Они шли теперь по темной улице. Как воспаленный глаз, краснел фонарь полицейского участка. Женщина рылась в мусорном ящике. Накрапывал дождик. Дессер продолжал:
– Этим отравлены все, это общее несчастье, от этого никто не откажется, ни «двести семейств», ни двадцать миллионов. Будут драться. За Францию – нет, а за свои деньги – до последнего издыхания. Война? Не выйдет. И революция не выйдет. Люди боятся потерять. Вот у этой женщины ничего нет, ей не страшно. Но сколько таких?
Их припугнут. Если надо будет, перестреляют. Впрочем, не потребуется; народ у нас битый, то есть ученый, да и неглупый народ.
– Как можно жить с таким презрением к людям? Их обманывали, но теперь они начинают понимать. На что они надеются? Только на революцию! На вашем заводе тысячи прекрасных людей. Это не бродяги, которым нечего терять. У них работа, семья, квартира, у многих маленькие сбережения. Но они все отдадут, только чтобы покончить с этим… (Пьер показал на женщину у мусорного ящика.) Иногда мне кажется, что люди – глина. Прежде лепили богов, животных, теперь мы пытаемся вылепить человека.
– Люди не глина, но чевинг-гум – жевательная резина. Поэтому все меняется и все остается. Да что, собственно говоря, меняется? Названия. Настоящее изменение – это смерть. Смерть действительно все меняет. Поэтому я и боюсь смерти. Не понимаю самоубийц. Впрочем, я не то хотел сказать… Вы говорите: «революция», но это и есть смерть, не только для меня, для миллионов.
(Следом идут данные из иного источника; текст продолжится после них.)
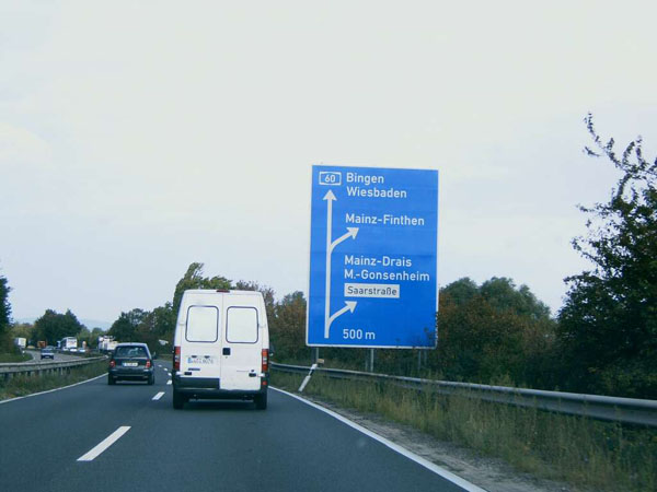 Teil 1 der Anschlussstelle: Abfahrt nach Gonsenheim und in die Mainzer Innenstadt. Der Wegweiser ist an besagtem Überflieger befestigt.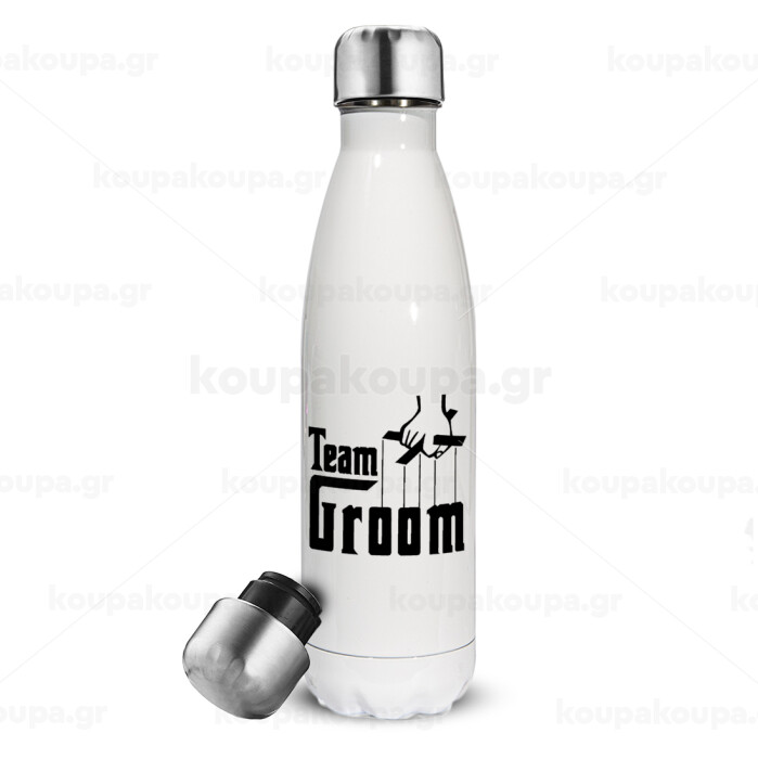 Team Groom, Μεταλλικό παγούρι θερμός Λευκό (Stainless steel), διπλού τοιχώματος, 500ml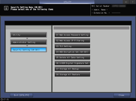Control panel - Utility/Counter - [Administrator Setting] - [Security Setting (UK-301)]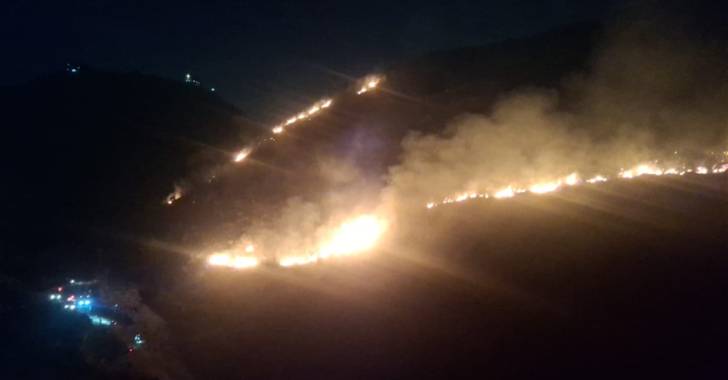 اندلع حريق كبير، مساء اليوم الأربعاء، في المنطقة الواقعة بين المعنية وسبلين في إقليم الخروب.

Они замолкли. Сквозь прикрытые ставни просачивался теплый свет. В нижнем этаже ставни были раскрыты: лампа, под ней круглый стол, люди ужинали, женское лицо, усталое и красивое.
Дессер снова заговорил:
– Мне страшно, что это может погибнуть. Не здания… Собор Нотр-Дам? Лувр? Конечно, это – красота, слава. Но мне жалко другого, того, что в этих домах, счастья, может быть, иллюзии счастья, во всяком случае спокойствия, тишины, когда слышно, как дышат рядом. Жалко крестин с миндальными конфетами, свадеб – под ноги кидают цветы, даже похорон, когда с кладбища идут закусить горе сыром. Это – есть, и это может исчезнуть – от бомбы, от первого уличного выстрела, от истерики Гитлера, от поднятых кулаков, от любой случайности. Конечно, сто лет спустя ее назовут «исторической неизбежностью…» Я вас здесь покину.
Он протянул Пьеру руку в мокрой кожаной перчатке и быстро зашагал к набережной. Разговор его утомил; он упрекал себя за неуместные признания – беседовать с влюбленным инженером о судьбах человечества!..
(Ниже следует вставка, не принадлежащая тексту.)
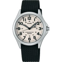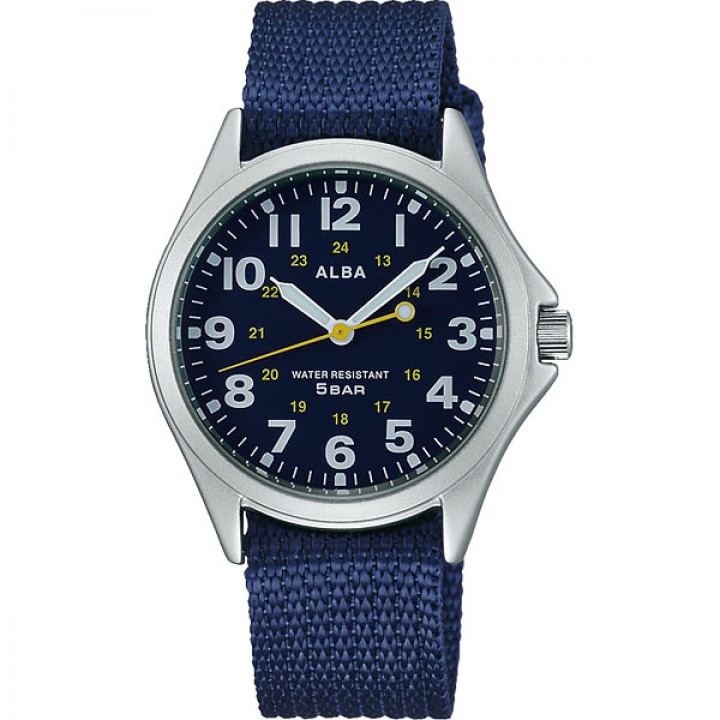 Seiko Alba AQPK402 - men's watch manufactured by Seiko. It has Japanese quartz movement and VJ21 calibre. Brass, palladium plated case of round shape. Case dimensions are 35.5 mm. in diameter and 7.8 mm. in thickness. The dial of this Seiko watch is blue. Display type: analog. This timepiece has hardlex glass. Fabric band, band color: blue. 50 m. water resistance. The watch is from Alba collection. The following features are equipped: glowing hands, glowing markers.

Он пошел к центру города. Огни бульваров загорелись, как солнечный день. В витринах жили вещи, блестящие и пестрые. Сине-лиловые карлики, змеи, буквы метались по фасадам домов, расхваливая аперитивы или зазывая в теплое Марокко. Люди толпились, как будто не знали, куда им идти дальше; их повторные движения напоминали круги рыб в аквариуме. Киоски были облеплены газетами на двадцати языках. Дессер посмотрел: «Народный фронт требует… Угроза военного конфликта…» Он лениво зевнул. Все здесь было понятным: он знал цену домов, реклам, акций, дивиденды марокканских железных дорог или прославленных горько-сладких напитков. И все здесь принадлежало ему: квадратные метры, автомобили, газеты, улыбки. В своем царстве он – прохожий, которому ничего не надо, фокусник, ставший на час марионеткой… Сохранить вот это? Конечно! Но какая тоска!..
Очередная лекция профессора Мале была посвящена романской архитектуре Пуатье. Мале читал вечером; его лекции были открытыми, и в аудитории, рядом со студентами, сидели люди постарше: любители архитектуры; самоучки, посещавшие все лекции, с пухлыми тетрадками, в которых корни санскрита перебивались биномами; наконец, просто бездомные, заходившие на огонек – погреться, подремать. Некоторые записывали каждое слово Мале, другие зевали или перешептывались; старушка, забравшись на верхнюю скамью, вязала.
Механик Мишо аккуратно посещал лекции Мале: он с детства любил архитектуру; много думал о расчете, о пропорциях, о материале. Как будто он понимал все; но при виде зданий, которые ему нравились, он чувствовал, что, помимо ясности и стройности, пленявших его в моторе, архитектура обладала другими свойствами, она волновала, как черты человеческого лица или как лес. Мишо надеялся, изучая историю зодчества, найти разгадку этого очарования.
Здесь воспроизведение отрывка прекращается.